To avoid dependency conflicts, you can set up a dedicated environment with Conda/Mamba and install `bindtools` inside it:

```bash
# 1. Create and configure environment with base scientific dependencies
mamba create -n binding -c conda-forge \
  python jupyter tqdm ipython uncertainties lmfit scipy numpy emcee tqdm numba corner matplotlib numdifftools

# 2. Activate the environment
conda activate binding

# 3. Install bindtools via pip
pip install bindtools
```

---

## Quick Start

### 1. Speciation (Solving Concentration Problems)
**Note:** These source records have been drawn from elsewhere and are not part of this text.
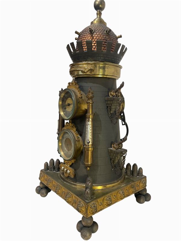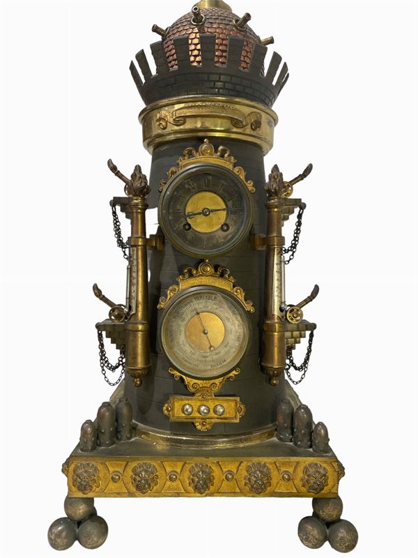 Orologio e barometro da tavolo in bronzo dorato e brunito, con parte superiore ruotante. Firmato Japy Freres. Manifattura francese. Meccanica d'origine da revisionare.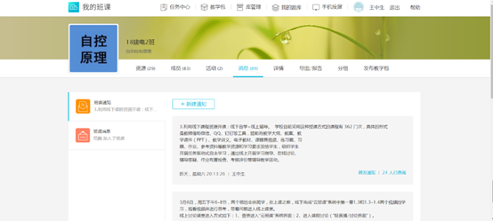 王老师通过云班课发布视频、进行讨论,同时通过腾讯课堂开展直播教学。经过这段时间的线上学习,嘿嘿,整体感觉还挺新鲜!王老师在云班课上发布每节课的学习目标、讨论内容和作业,这既能帮我们巩固《自动控制原理》的知识点,同时也有助于引发我们去思考。个人觉得吧,王老师上传到云班课的视频固然能帮助我们理解知识点,但是视频较长,还不一定能看懂,万一网络卡顿还得从头再来,不太容易集中精力啊!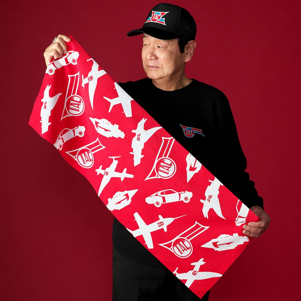 TACのメカニックシルエットが総柄でデザインされた手ぬぐい。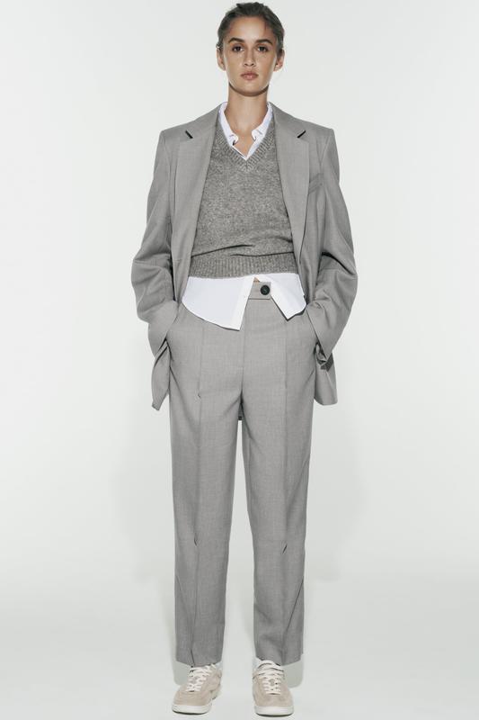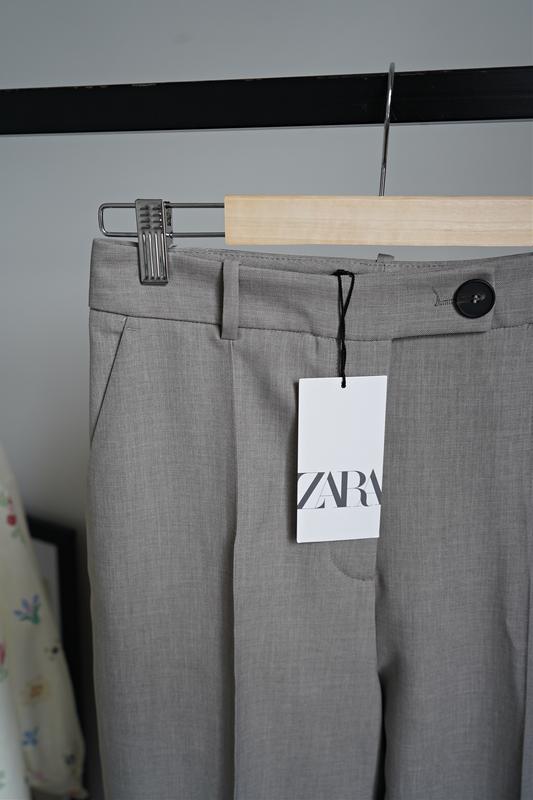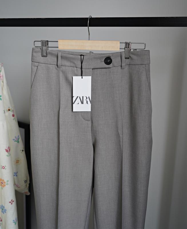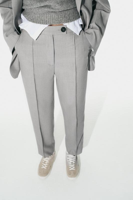 Брюки с завышенной талией и складками спереди. Передние карманы и задний ложный прорезной карман. Застежка на молнию и пуговицу спереди.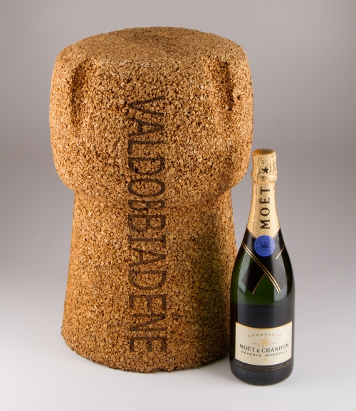 Sgabello in sughero riciclato a forma di tappo da spumante gigante

You can compute the equilibrium concentration of free species (components and complexes) given initial total concentrations, a stoichiometry matrix, and equilibrium constants ($K$ values).

```python
import numpy as np
from bindtools import binding as bd

# Define total concentrations: 50 data points of Host (1e-3 M) and Guest (0 to 1e-2 M)
component_concs = np.zeros((50, 2))
component_concs[:, 0] = 1e-3
component_concs[:, 1] = np.linspace(0, 1e-2, 50)

# Stoichiometry / Equilibrium Matrix
# Row 0: Host balance, Row 1: Guest balance
# Columns represent: [Free Host, Free Guest, Host-Guest Complex (1:1)]
eq_mat = np.array([
    [1, 0, 1],  # [H]_tot = [H] + [HG]
    [0, 1, 1]   # [G]_tot = [G] + [HG]
])

# log10(K) values for each species. 
# Constants for free components are fixed at logK = 0.
# The complex (HG) has logK = 4 (K = 10,000 M^-1).
logK = np.array([0, 0, 4])

# Solve for concentrations at each point
results = []
for total_concs in component_concs:
    spec_concs = bd.getConcs(eq_mat, total_concs, logK)
    results.append(spec_concs)

results = np.array(results)
print("First point [H, G, HG]:", results[0])
```

---

## License

This project is licensed under the MIT License - see the [LICENSE](LICENSE) file for details.